Home | About | Sematext search-lucene.com search-hadoop.com
 Search Hadoop and all its subprojects:

Switch to Threaded View
HBase >> mail # user >> HBase table row key design question.


Copy link to this message
-
Re: HBase table row key design question.
Hello Sir,

     Although we should always try to keep the rowkey length as less as
possible, but still a short key that doesn't help much in faster data
access is also of no use. So, it totally depends on that particular use
case. However, in your case, how about using "phone number" as the rowkey??
Since it is always unique, you will always get the correct result with much
shorter rowkey. It's just that in this case you will have to ask for the
user's phone number instead of name and DOB.

Regards,
    Mohammad Tariq

On Tue, Oct 2, 2012 at 7:58 PM, Jason Huang <[EMAIL PROTECTED]> wrote:

> Hello,
>
> I am designing a HBase table for users and hope to get some
> suggestions for my row key design. Thanks...
>
> This user table will have columns which include user information such
> as names, birthday, gender, address, phone number, etc... The first
> time user comes to us we will ask all these information and we should
> generate a new row in the table with a unique row key. The next time
> the same user comes in again we will ask for his/her names and
> birthday and our application should quickly get the row(s) in the
> table which meets the name and birthday provided.
>
> Here is what I am thinking as row key:
>
> {first 6 digit of user's first name}_{first 6 digit of user's last
> name}_{birthday in MMDDYYYY}_{timestamp when user comes in for the
> first time}
>
> However, I see a few questions from this row key:
>
> (1) Although it is not very likely but there could be some small
> chances that two users with same name and birthday came in at the same
> day. And the two requests to generate new user came at the same time
> (the timestamps were defined in the HTable API and happened to be of
> the same value before calling the put method). This means the row key
> design above won't guarantee a unique row key. Any suggestions on how
> to modify it and ensure a unique ID?
>
> (2) Sometimes we will only have part of user's first name and/or last
> name.
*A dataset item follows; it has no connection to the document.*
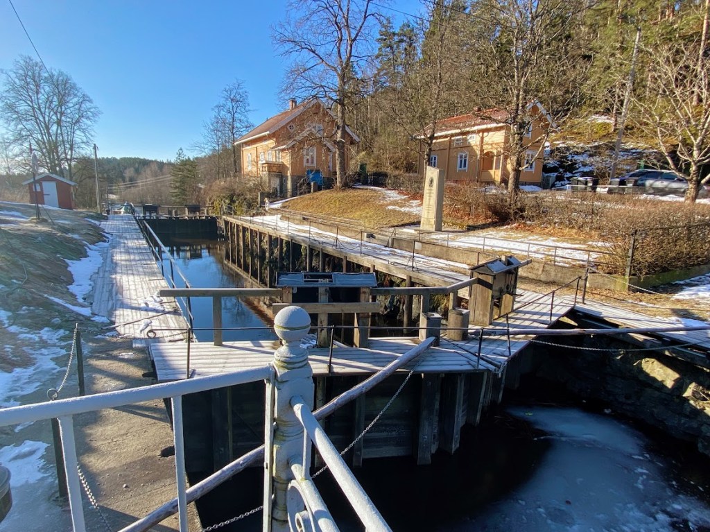 But the main attraction in Ørje is the lock belonging to the Halden Canal. There’s a museum for the canal, but as we arrived there quite early in the middle of winter, it was unfortunately closed. However, there were helpful information boards and brochures.
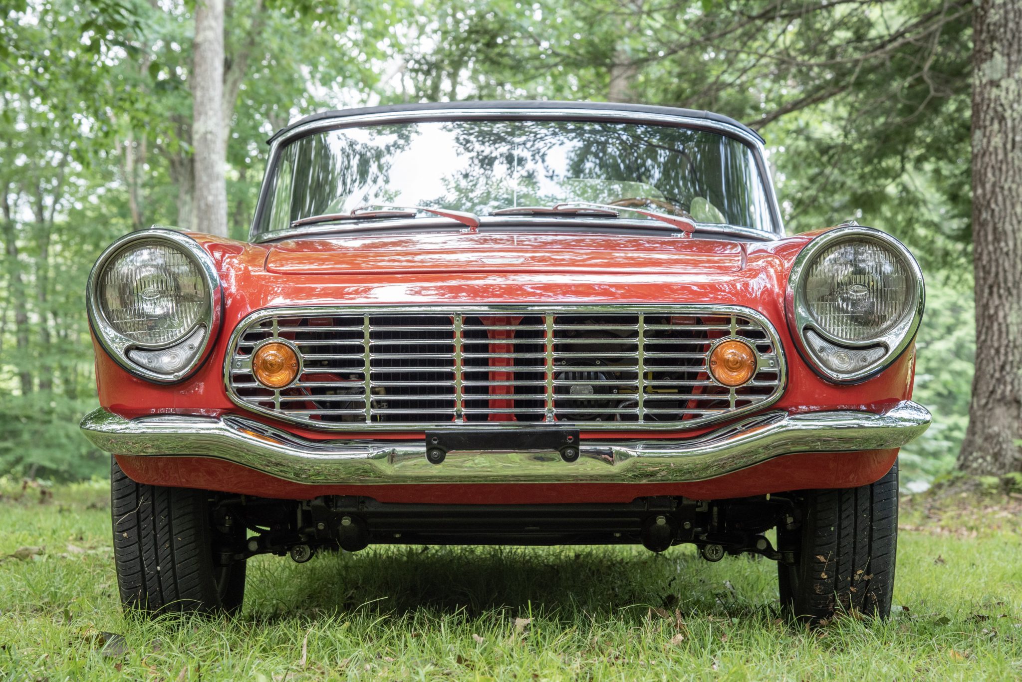 Five-spoke 13″ wheels wear chrome hubcaps and 155/80 Thunderer City tires. The suspension and brakes have been refurbished.

In that case, we will need to perform a scan and return multiple
> matches to the client. To avoid scanning the whole table, if we have
> user's first name, we can set start/stop row accordingly. But then if
> we only have user's last name, we can't set up a good start/stop row.
> What's even worse, if the user provides a "sounds-like" first or last
> name, then our scan won't be able to return good possible matches.
> Does anyone ever use names as part of the row key and encounter this
> type of issue?
>
> (3) The row key seems to be long (30+ chars), will this affect our
> read/write performance? Maybe it will increase the storage a bit (say
> we have 3 million rows per month)? In other words, does the length of
> the row key matter a lot?
>
> thanks!
>
> Jason
>